Dear Chair Murray and Ranking Member Burr:
On behalf of National Taxpayers Union (NTU), the nation’s oldest taxpayer advocacy organization, we write to you on the reauthorization of user fee agreements at the Food and Drug Administration (FDA). NTU is urging lawmakers in your Committee to expeditiously advance reauthorization of the user fee agreements in line with the commitment letters already agreed to by FDA and industry stakeholders. We recently shared a similar letter with your colleagues on the House Committee on Energy and Commerce.[1]

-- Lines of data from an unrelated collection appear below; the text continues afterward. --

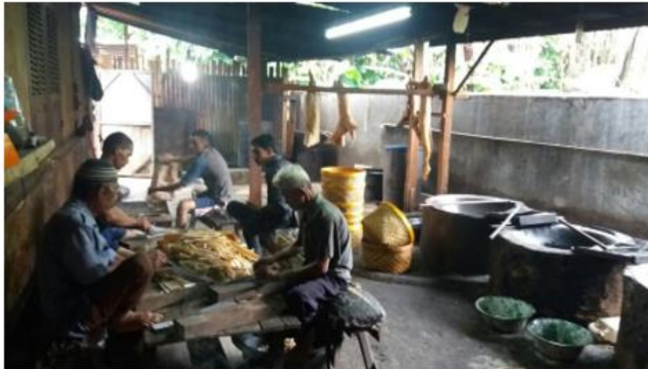
Gambar 1. Ruang produksi kerupuk kulit Aulia.

lam kegiatan produksi. Selanjutnya, deskripsi dalam peraturan ini dirangkum dalam Peraturan Kepala Badan Pengawas Obat dan Makanan Republik Indonesia Nomor HK.03.1.23.04.12.2207 Tahun 2012 tentang Tata Cara Pemeriksaan Sarana Produksi Pangan Industri Rumah Tangga (BPOM, 2012b).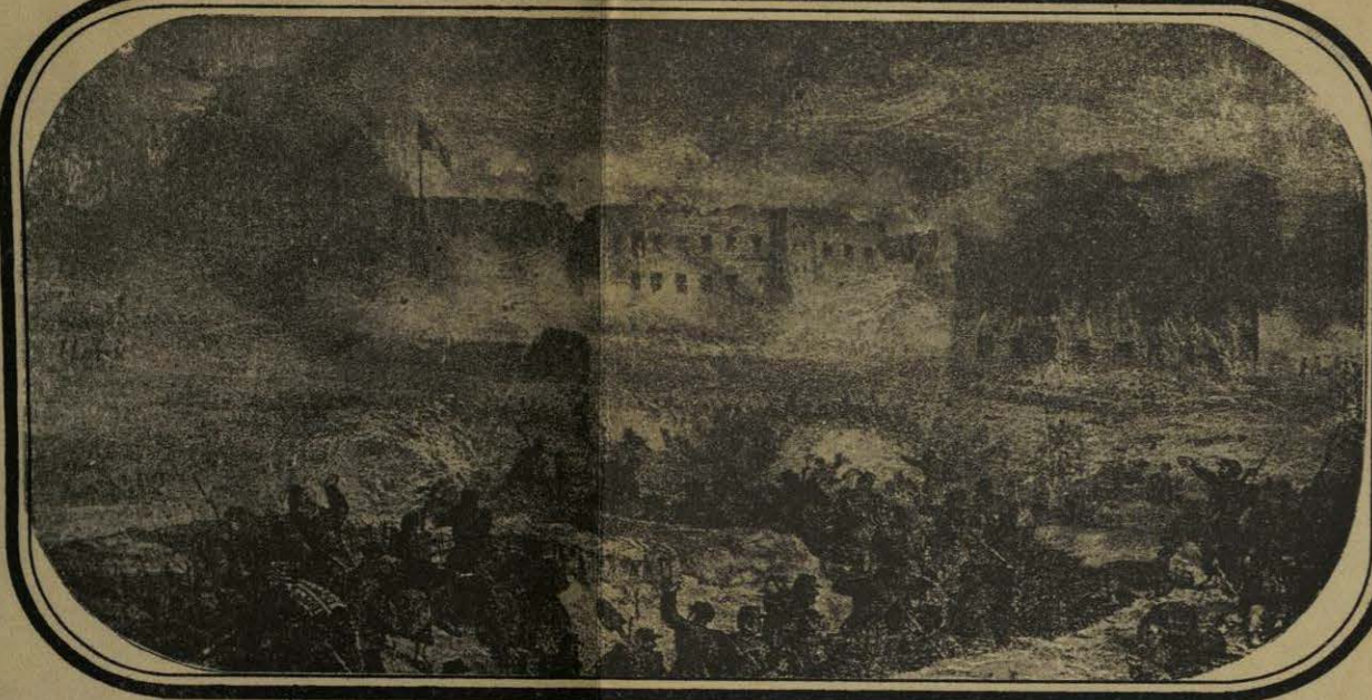
TOMA DE LA PENITENCIARIA.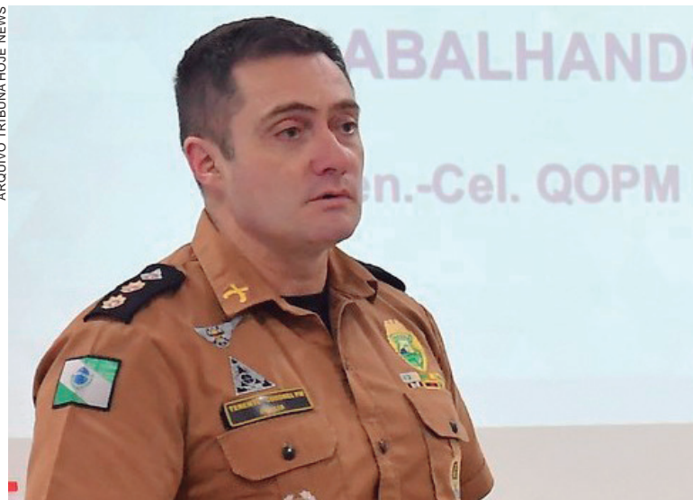
O comandante de Umuarama afirmou que, após a criação do programa, as regiões de fronteira ganharam mais segurança com policiais mais empenhados nas operações

As ações em conjunto tiveram um impacto positivo, já que, de 2020 para 2021, houve um aumento de 127% na apreensão de cocaína e de cigarros contrabandeados no

The FDA user fee agreements are an ongoing testament to the effectiveness of public-private partnerships in delivering safe, effective, and even life-saving products and devices to U.S. consumers. We have heard in recent days that some Senators may be looking to include prescription drug price controls in the user fee reauthorization legislation. Such controversial proposals, which could significantly harm patients and American taxpayers, should not be considered by this Committee and should not interfere with timely and clean reauthorization of the user fee agreements.
As you well know, Congress faces a September 30 deadline to reauthorize four user fee agreements between the FDA, pharmaceutical manufacturers, and medical device manufacturers: the seventh iteration of the Prescription Drug User Fee Agreement (PDUFA VII), the fifth iteration of the Medical Device User Fee Agreement (MDUFA V), and the third iterations of the Generic Drug User Fee Agreement (GDUFA III) and the Biosimilars User Fee Agreement (BsUFA III). For years, and decades in the case of PDUFA and MDUFA, these user fee agreements have supplemented discretionary appropriations to the FDA, enabling the agency to review and approve drugs faster and more effectively than in years prior.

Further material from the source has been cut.